On warm, summer nights, kids might ask their parents to let them sleep under the stars.
They’ll set up a tent, snuggle into their sleeping bags and tell ghost stories all night long. And if they get too cold or feel that the ground is too hard, they’ll just find their way back to their comfy beds. But this is not the case with the industrious 14-year-old Shogo Kasai; he built his very own Jomon period (10,000 BC to 400 BC), Japanese pit house out of bamboo and rice straw, and intends to live in it for a few weeks at a time!
Kasai already spent a night in his humble abode last October, sleeping on what he calls a comfortable straw mat for a bed. He even got a charcoal fire going inside the 2.5-m-high, 4-m-in-diameter hut to make himself an authentic Jomon-style dinner. Naturally, the next step is for him to leave his current home and live in his backyard pit house for weeks at a time, cooking and making his own Jomon period clothing.

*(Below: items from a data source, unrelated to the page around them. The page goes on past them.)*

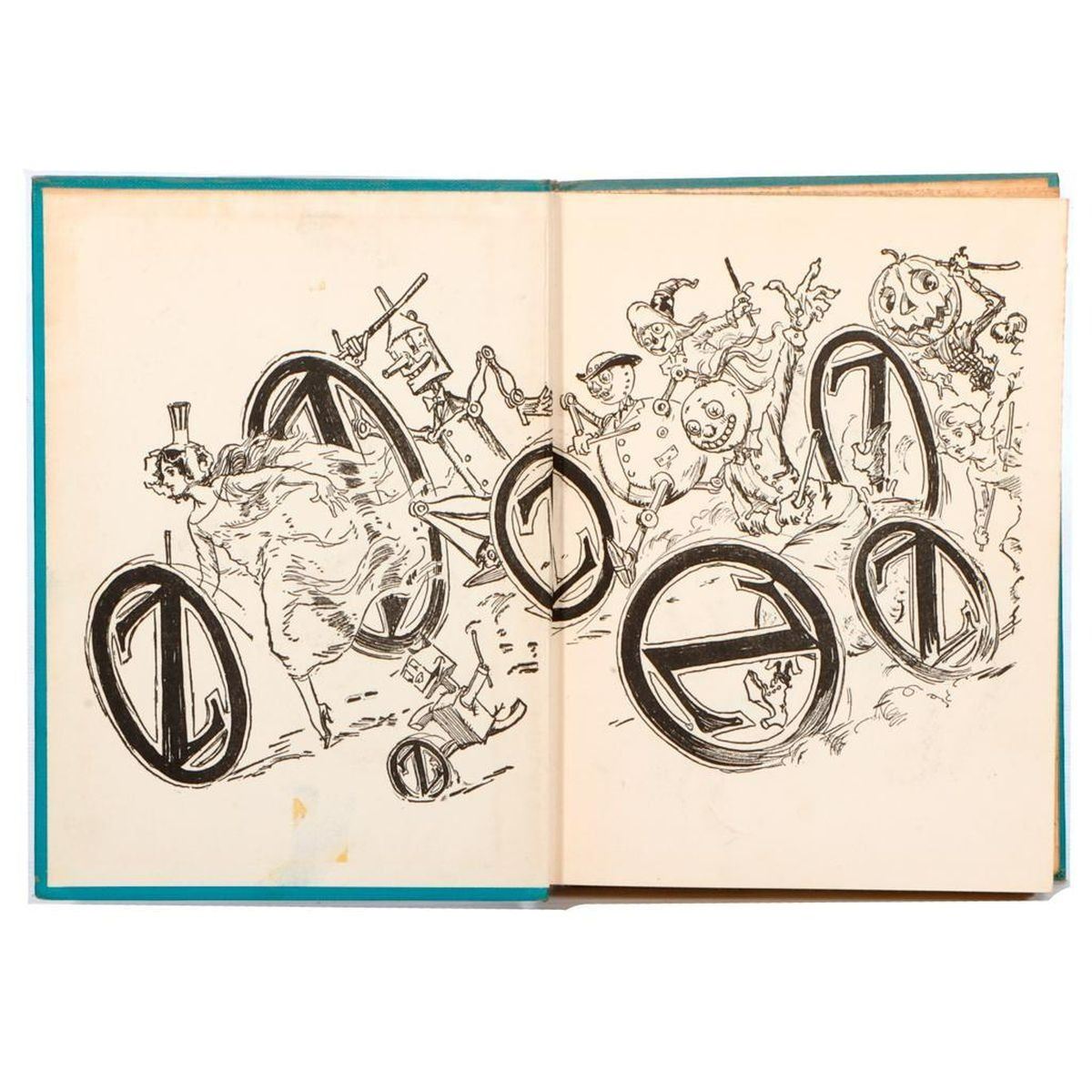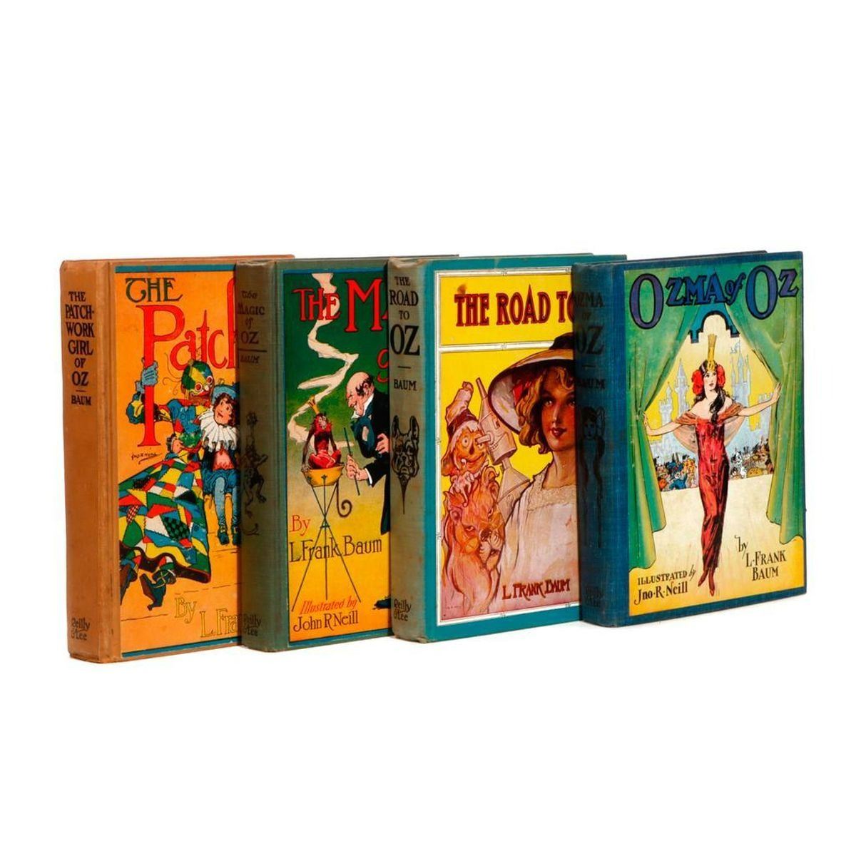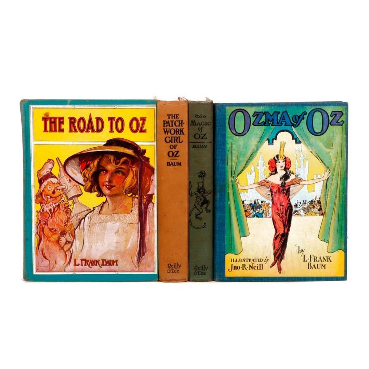 Later printings of early editions illustrated by John R. Neill; Chicago, The Reilly & Lee Company. The group in overall good condition, all with child owner signatures and/or inscriptions. BAUM, FRANK L. 1.) Ozma of Oz, 1907. 2.) The Magic of Oz, 1919. 3.) The Road to Oz, 1909. 4.) The Patchwork Girl of Oz, 1913.
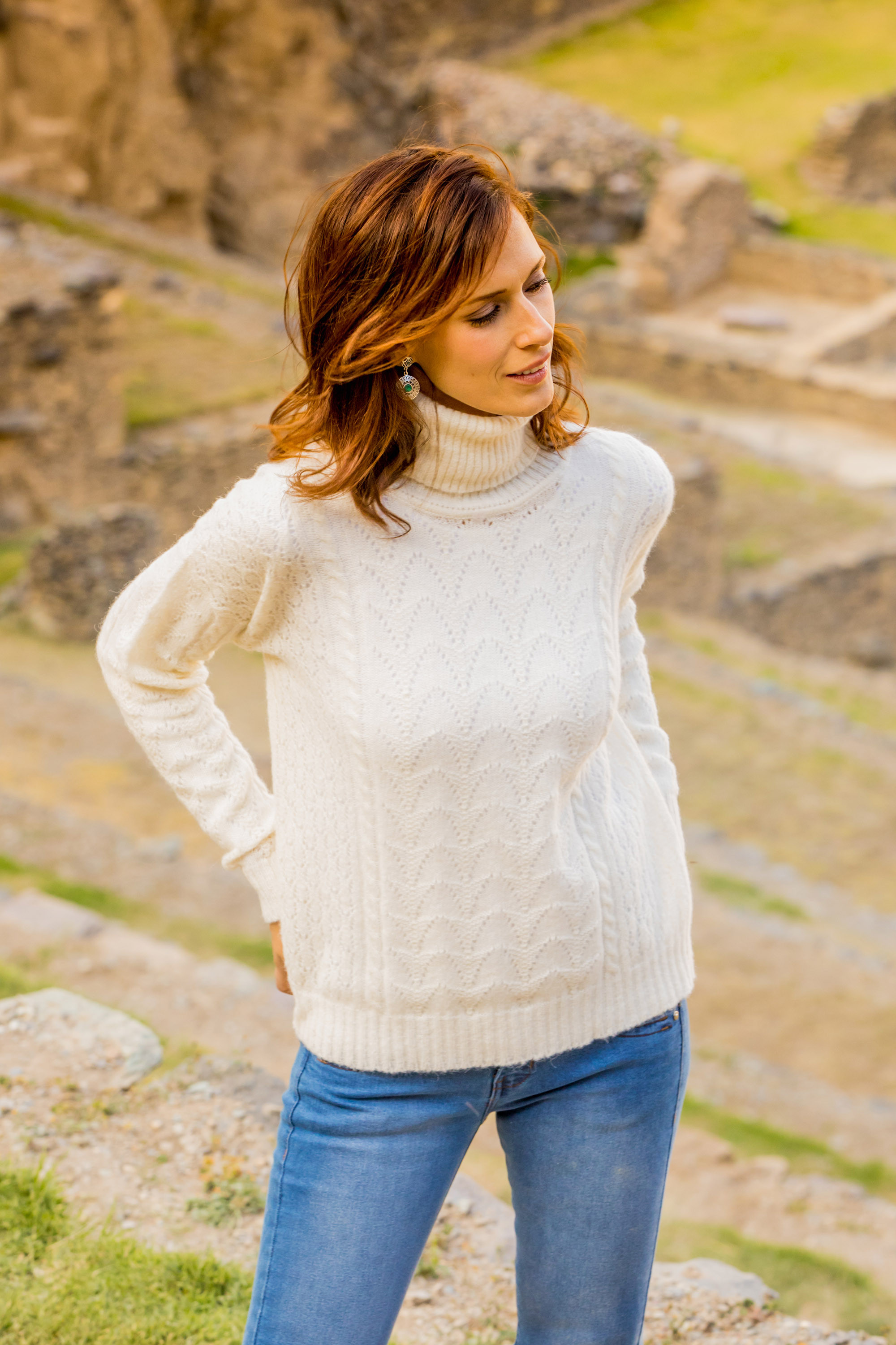 Working with a baby alpaca blend in solid alabaster, Peruvian artisan Wilber Calapuja creates this warm pullover. He knits the turtle neck pullover to feature cable and openwork patterns, long sleeves, and a drop shoulder. Baby alpaca refers to the fine fleece from the season's first shearing.
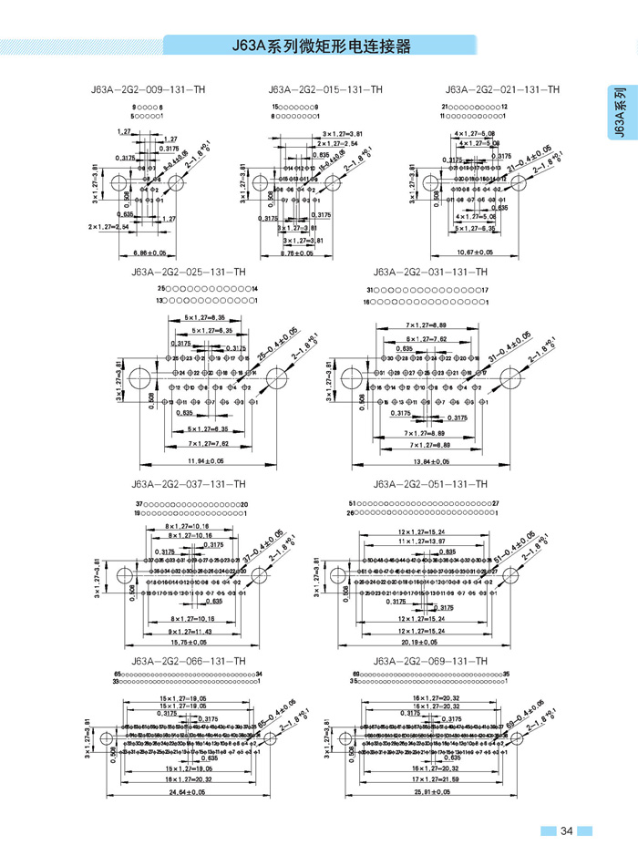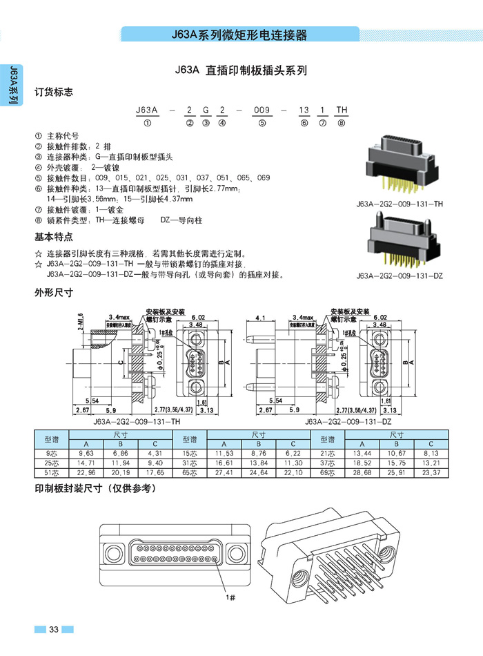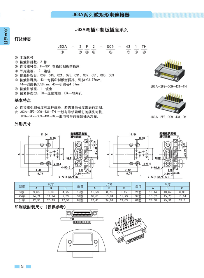 J63A 型90°彎插印制板航空連接器,端接方式是印制板,而且是90°彎腳,座殼體與墻體正常安裝,印制板平行放置,與插針直接焊接。要說明的是印制板可以立著放,這時選用直式插針焊接。以下是選購圖:
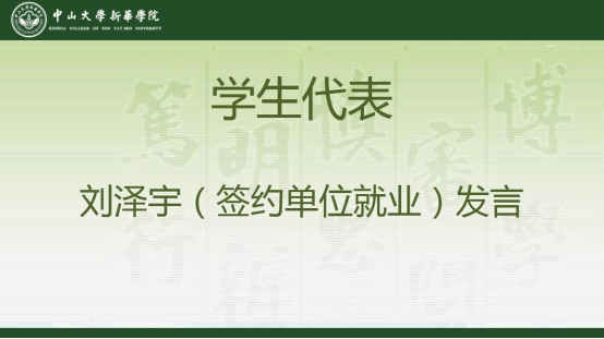 然后学生代表刘泽宇同学向同学们讲述了自己找工作的个人经验,第一、早点找工作选择会更多,要早点做准备;第二、在面试时注意礼仪与衣着;第三、要与HR多交流,注意招聘时的公司需求。
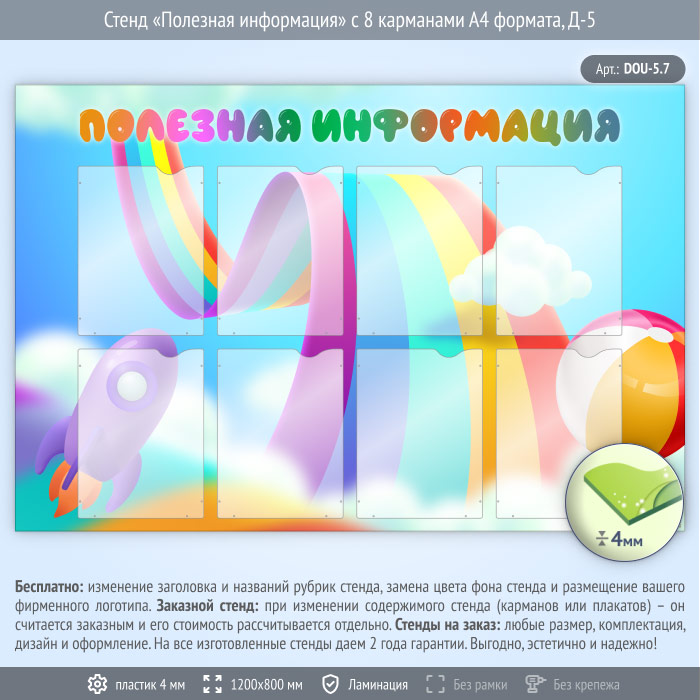 Стенд «Полезная информация» с 8 карманами А4 формата (DOU-5.7) в Волгограде купить
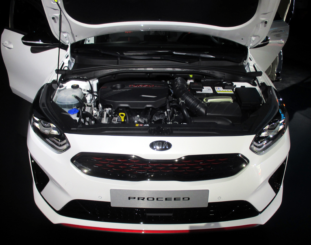 Der Antrieb: Zwei Turbobenziner und ein Turbodiesel sind vorgesehen, alle nach der neuen Abgasnorm Euro-6d-Tep eingestuft, die Benziner mit Partikelfilter, der Diesel mit spezieller Abgasreinigung versehen. Der 1,4-Liter-Benziner mit 140 PS und der neue 1,6-Liter-Diesel mit 136 PS sind schon aus den Schwestermodellen bekannt und ab Werk mit Sechsgang-Schaltgetriebe kombiniert. Gegen Aufpreis ist das komfortablere Siebengang-Doppelkupplungsgetriebe zu haben. Wie der ebenfalls in Barcelona präsentierte neue Ceed GT hat der Shooting Brake als GT einen 1,6-Liter mit 204 PS unter der Haube. Die optionale Doppelkupplungsbox verfügt über Normal- und Sport-Einstellmöglichkeit.
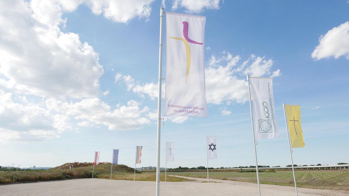 Fahnenmeer in der Seestadt: In der Nähe soll der interreligiöse Campus errichtet werden

Jomon-era pit dwellings at Kabayama
Early Jomon-period pit houses were circular, like the one Kasai built. After a hole in the ground is dug out, wooden pillars are placed in the pit as supports and a thatched roof is bundled on top. Kabayama and the Sannai Maruyama sites are excellent examples of preserved Jomon communities.
Fire pit inside a Jomon-era pit dwelling at Kabayama
Fascinated by archaeology, Kasai sought advice from museum officials and pored over books in order to re-create this ancient Japanese building style. He wants to be an archaeologist when he grows up, and he’s well on his way, earning the top prize at the local museum last year for a report he wrote about pit dwelling construction.